# Import the necessary libraries

In [6]:
import torchvision
import torchvision.transforms as transforms
import torch
import torch.nn as nn
import lenet_model
from torch.utils.data import DataLoader
from torchmetrics import Accuracy
from pathlib import Path
from datetime import datetime
import time
from torch.utils.tensorboard import SummaryWriter
import os
from tqdm import tqdm

# Load the MNIST dataset

In [2]:
# Make torch deterministic
# _ = torch.manual_seed(0)

In [16]:
train_val_dataset = torchvision.datasets.MNIST(root='./data', train=True, download=False, transform=transforms.ToTensor())
class_names = train_val_dataset.classes

# Calculate mean and std of the train dataset
imgs = torch.stack([img for img, _ in train_val_dataset], dim=0)
mean = imgs.view(1, -1).mean(dim=1)    # or imgs.mean()
std = imgs.view(1, -1).std(dim=1)     # or imgs.std()
# create Transformation (converting from Image class to Tensor and normalize)
mnist_transforms = transforms.Compose([transforms.ToTensor(),
                                       transforms.Normalize(mean=mean, std=std)])
mnist_trainset = torchvision.datasets.MNIST(root="./data", train=True, download=False, transform=mnist_transforms)
# split to train dataset and validation dataset
train_size = int(0.8 * len(mnist_trainset))
val_size = len(mnist_trainset) - train_size
train_dataset, val_dataset = torch.utils.data.random_split(dataset=mnist_trainset, lengths=[train_size, val_size])

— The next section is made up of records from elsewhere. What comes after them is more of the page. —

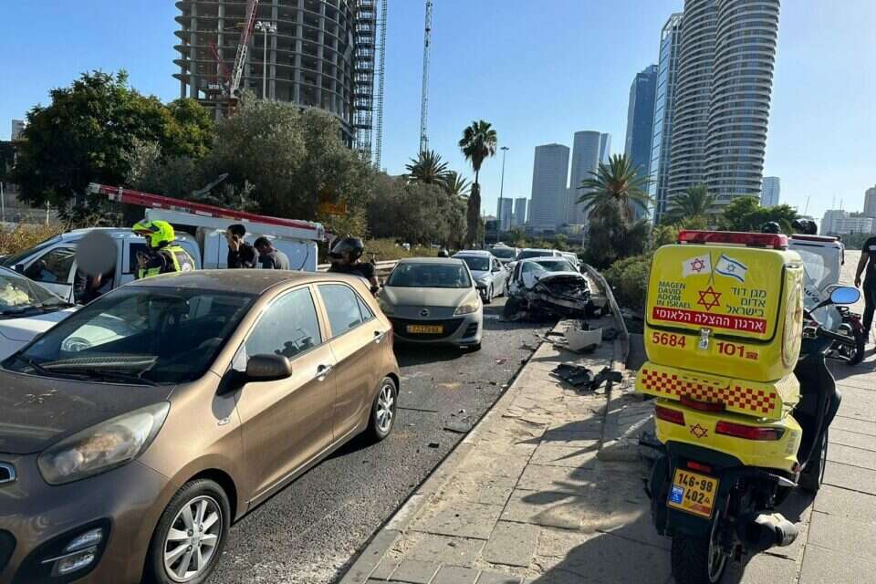 תאונת דרכים קשה בין 3 כלי רכבים ואופנוע במחלף ארלוזורוב \\ מד"א
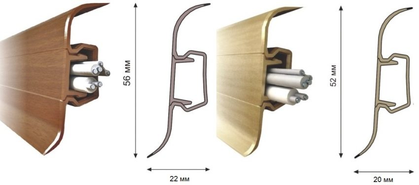 La longitud estándar de un producto de este tipo es de 2,5 m, pero el grosor y el ancho pueden ser diferentes. En el mercado de la construcción, existen modelos con un espesor de 15-22 mm. El ancho del zócalo se selecciona en función de las dimensiones de la habitación y la necesidad de encontrar canales para cables en ella.
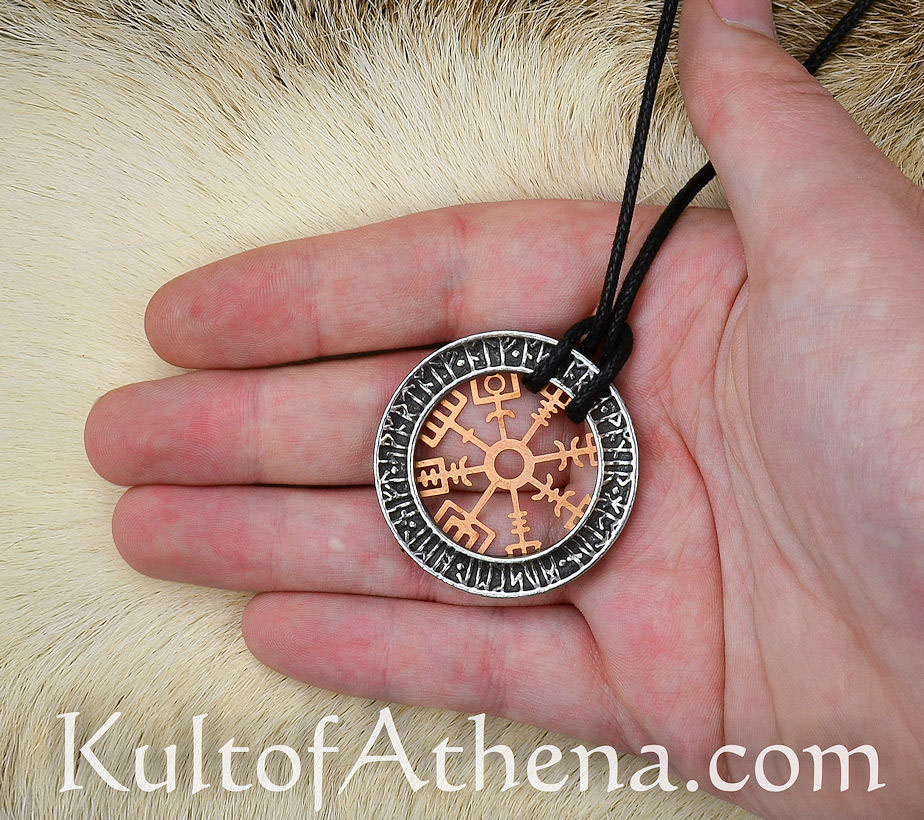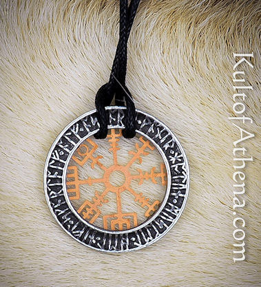 Vegvir; the Wayfinder stave rune. This Icelandic magical stave aids its bearer in finding path and safe harbor through the turbulent storms of both the briny deeps and the tempests of life itself. This pendant bears this Viking Vegvisir sigil rendered in earthy bronze and is encircled in a runic circle of lead free pewter. Included is an adjustable cord for wear.
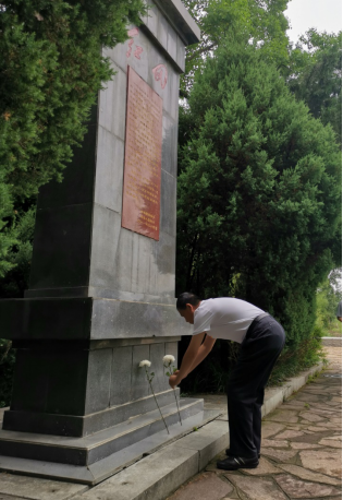 “每平方米至少倒下10名烈士,抓起一把泥土都能攥出血来啊!”讲解员讲到此处,在场党员无不动容,一时间热泪盈眶。大家在红田惨案遗址前默哀,献上鲜花并鞠躬致敬。

# load dataset and set number of data per batch
BATCH_SIZE = 32
train_dataloader = DataLoader(dataset=train_dataset, batch_size=BATCH_SIZE, shuffle=True)
val_dataloader = DataLoader(dataset=val_dataset, batch_size=BATCH_SIZE, shuffle=True)


# Define the model

In [10]:
if torch.cuda.is_available():
    device = torch.device('cuda')
else:
    device = torch.device('cpu')
net = lenet_model.LeNet5().to(device)

# Insert min-max observers in the model

In [11]:
net.qconfig = torch.ao.quantization.default_qconfig
net.train()
net_quantized = torch.ao.quantization.prepare_qat(net) # Insert observers
net_quantized

LeNet5(
  (quant): QuantStub(
    (activation_post_process): MinMaxObserver(min_val=inf, max_val=-inf)
  )
  (dequant): DeQuantStub()
  (c1): Conv2d(
    1, 6, kernel_size=(5, 5), stride=(1, 1), padding=(2, 2)
    (weight_fake_quant): MinMaxObserver(min_val=inf, max_val=-inf)
    (activation_post_process): MinMaxObserver(min_val=inf, max_val=-inf)
  )
  (c2): Conv2d(
    6, 16, kernel_size=(5, 5), stride=(1, 1)
    (weight_fake_quant): MinMaxObserver(min_val=inf, max_val=-inf)
    (activation_post_process): MinMaxObserver(min_val=inf, max_val=-inf)
  )
  (c3): Conv2d(
    16, 120, kernel_size=(5, 5), stride=(1, 1)
    (weight_fake_quant): MinMaxObserver(min_val=inf, max_val=-inf)
    (activation_post_process): MinMaxObserver(min_val=inf, max_val=-inf)
  )
  (relu): ReLU()
  (max_pool): MaxPool2d(kernel_size=2, stride=2, padding=0, dilation=1, ceil_mode=False)
  (fc1): Linear(
    in_features=120, out_features=84, bias=True
    (weight_fake_quant): MinMaxObserver(min_val=inf, max_val=-i

# Train the model

In [27]:
def train(train_loader, net, epochs=12, total_iterations_limit=None):
    cross_el = nn.CrossEntropyLoss()
    optimizer = torch.optim.Adam(net.parameters(), lr=0.001)

    total_iterations = 0

    for epoch in range(epochs):
        net.train()

        loss_sum = 0
        num_iterations = 0

        data_iterator = tqdm(train_loader, desc=f'Epoch {epoch+1}')
        if total_iterations_limit is not None:
            data_iterator.total = total_iterations_limit
        for data in data_iterator:
            num_iterations += 1
            total_iterations += 1
            x, y = data
            x = x.to(device)
            y = y.to(device)
            optimizer.zero_grad()
            output = net(x)
            # output = net(x.view(-1, 28*28))
            loss = cross_el(output, y)
            loss_sum += loss.item()
            avg_loss = loss_sum / num_iterations
            data_iterator.set_postfix(loss=avg_loss)
            loss.backward()
            optimizer.step()

            if total_iterations_limit is not None and total_iterations >= total_iterations_limit:
                return
            
def print_size_of_model(model):
    torch.save(model.state_dict(), "temp_delme.p")
    print('Size (KB):', os.path.getsize("temp_delme.p")/1e3)
    os.remove('temp_delme.p')

train(train_dataloader, net_quantized, epochs=12)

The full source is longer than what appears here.